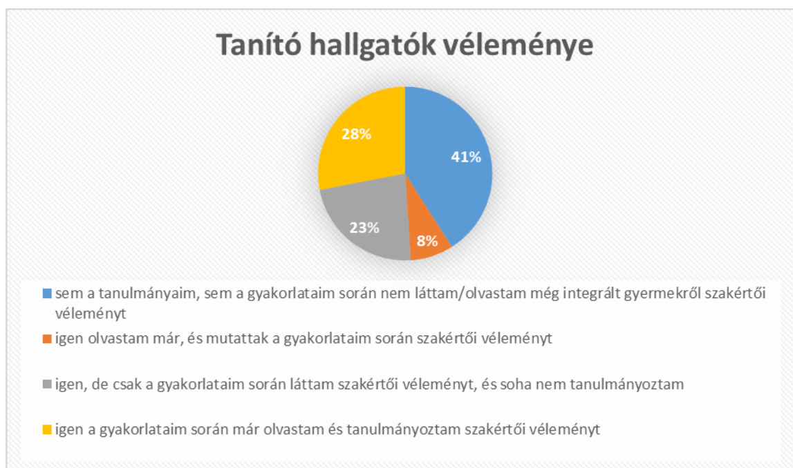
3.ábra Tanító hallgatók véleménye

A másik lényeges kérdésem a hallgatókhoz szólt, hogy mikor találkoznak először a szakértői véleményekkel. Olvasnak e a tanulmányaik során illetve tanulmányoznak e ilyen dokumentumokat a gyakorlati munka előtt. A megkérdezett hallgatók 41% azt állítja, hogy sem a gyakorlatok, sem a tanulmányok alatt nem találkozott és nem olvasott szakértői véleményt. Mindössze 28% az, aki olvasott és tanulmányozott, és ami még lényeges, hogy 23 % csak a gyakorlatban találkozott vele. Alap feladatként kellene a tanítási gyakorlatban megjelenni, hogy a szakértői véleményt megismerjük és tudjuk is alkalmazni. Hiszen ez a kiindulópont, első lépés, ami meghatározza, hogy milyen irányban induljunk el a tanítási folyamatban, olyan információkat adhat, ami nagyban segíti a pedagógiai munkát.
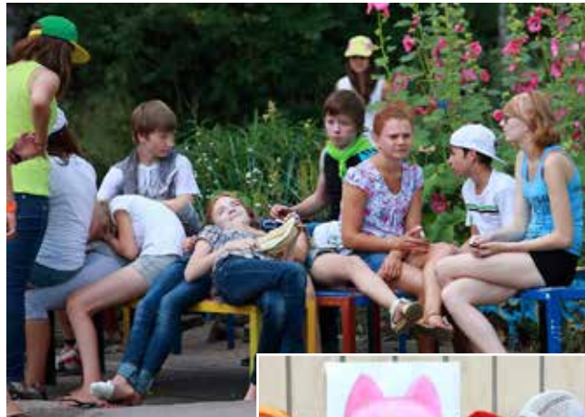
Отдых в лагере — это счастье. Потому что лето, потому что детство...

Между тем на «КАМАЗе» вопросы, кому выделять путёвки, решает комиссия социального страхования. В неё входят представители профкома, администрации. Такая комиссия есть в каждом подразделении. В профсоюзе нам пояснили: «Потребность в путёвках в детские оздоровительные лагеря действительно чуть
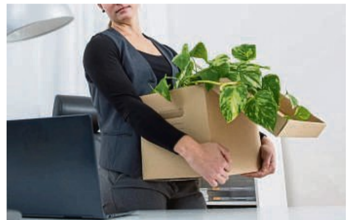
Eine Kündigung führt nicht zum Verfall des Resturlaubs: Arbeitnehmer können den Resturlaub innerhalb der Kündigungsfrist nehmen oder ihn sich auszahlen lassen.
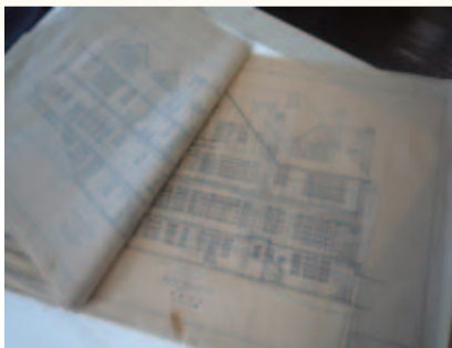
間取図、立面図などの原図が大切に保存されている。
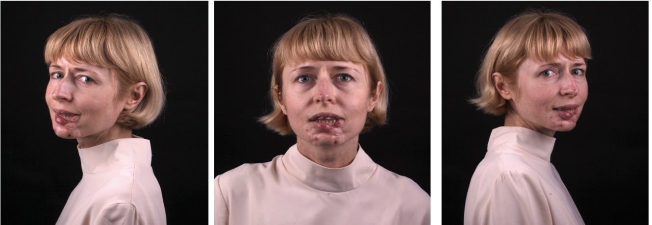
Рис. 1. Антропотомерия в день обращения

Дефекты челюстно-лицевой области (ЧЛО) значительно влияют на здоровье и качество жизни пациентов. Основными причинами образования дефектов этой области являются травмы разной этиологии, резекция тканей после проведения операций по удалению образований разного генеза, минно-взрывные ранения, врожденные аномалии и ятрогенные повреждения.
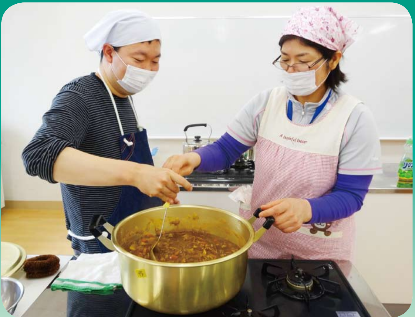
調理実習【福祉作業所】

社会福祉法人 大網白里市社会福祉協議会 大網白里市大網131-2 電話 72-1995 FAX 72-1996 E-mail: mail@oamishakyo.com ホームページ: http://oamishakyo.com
--
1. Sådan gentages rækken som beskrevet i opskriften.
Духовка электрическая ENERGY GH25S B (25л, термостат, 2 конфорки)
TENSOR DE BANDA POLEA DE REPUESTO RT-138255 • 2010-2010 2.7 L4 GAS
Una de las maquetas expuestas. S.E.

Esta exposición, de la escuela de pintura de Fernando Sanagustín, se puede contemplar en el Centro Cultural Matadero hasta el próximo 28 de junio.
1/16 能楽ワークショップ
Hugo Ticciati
==
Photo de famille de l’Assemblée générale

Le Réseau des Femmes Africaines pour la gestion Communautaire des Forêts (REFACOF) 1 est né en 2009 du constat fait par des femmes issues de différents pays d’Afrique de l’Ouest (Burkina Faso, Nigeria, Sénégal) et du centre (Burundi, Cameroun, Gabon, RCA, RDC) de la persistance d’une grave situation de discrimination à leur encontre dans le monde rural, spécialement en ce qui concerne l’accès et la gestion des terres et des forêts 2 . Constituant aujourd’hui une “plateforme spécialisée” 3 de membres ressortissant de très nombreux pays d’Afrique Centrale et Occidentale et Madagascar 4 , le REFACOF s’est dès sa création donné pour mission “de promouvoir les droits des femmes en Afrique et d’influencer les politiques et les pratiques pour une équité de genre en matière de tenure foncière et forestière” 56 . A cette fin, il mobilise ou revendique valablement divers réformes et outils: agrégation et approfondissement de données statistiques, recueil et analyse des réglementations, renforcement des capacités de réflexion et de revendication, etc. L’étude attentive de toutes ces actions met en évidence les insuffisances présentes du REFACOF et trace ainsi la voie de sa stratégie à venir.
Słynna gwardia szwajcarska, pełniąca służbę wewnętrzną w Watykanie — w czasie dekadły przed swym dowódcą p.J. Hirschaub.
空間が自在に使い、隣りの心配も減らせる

How to complete this task:
Within the listing above, the lines starting at the one containing "間取図、立面図などの原図が大切に保存されている。" and ending at the one containing "社会福祉法人 大網白里市社会福祉協議会 大網白里市大網131-2" are to be returned exactly. Omit the pictures.

Task result:
間取図、立面図などの原図が大切に保存されている。
Рис. 1. Антропотомерия в день обращения

Дефекты челюстно-лицевой области (ЧЛО) значительно влияют на здоровье и качество жизни пациентов. Основными причинами образования дефектов этой области являются травмы разной этиологии, резекция тканей после проведения операций по удалению образований разного генеза, минно-взрывные ранения, врожденные аномалии и ятрогенные повреждения.
調理実習【福祉作業所】

社会福祉法人 大網白里市社会福祉協議会 大網白里市大網131-2 電話 72-1995 FAX 72-1996 E-mail: mail@oamishakyo.com ホームページ: http://oamishakyo.com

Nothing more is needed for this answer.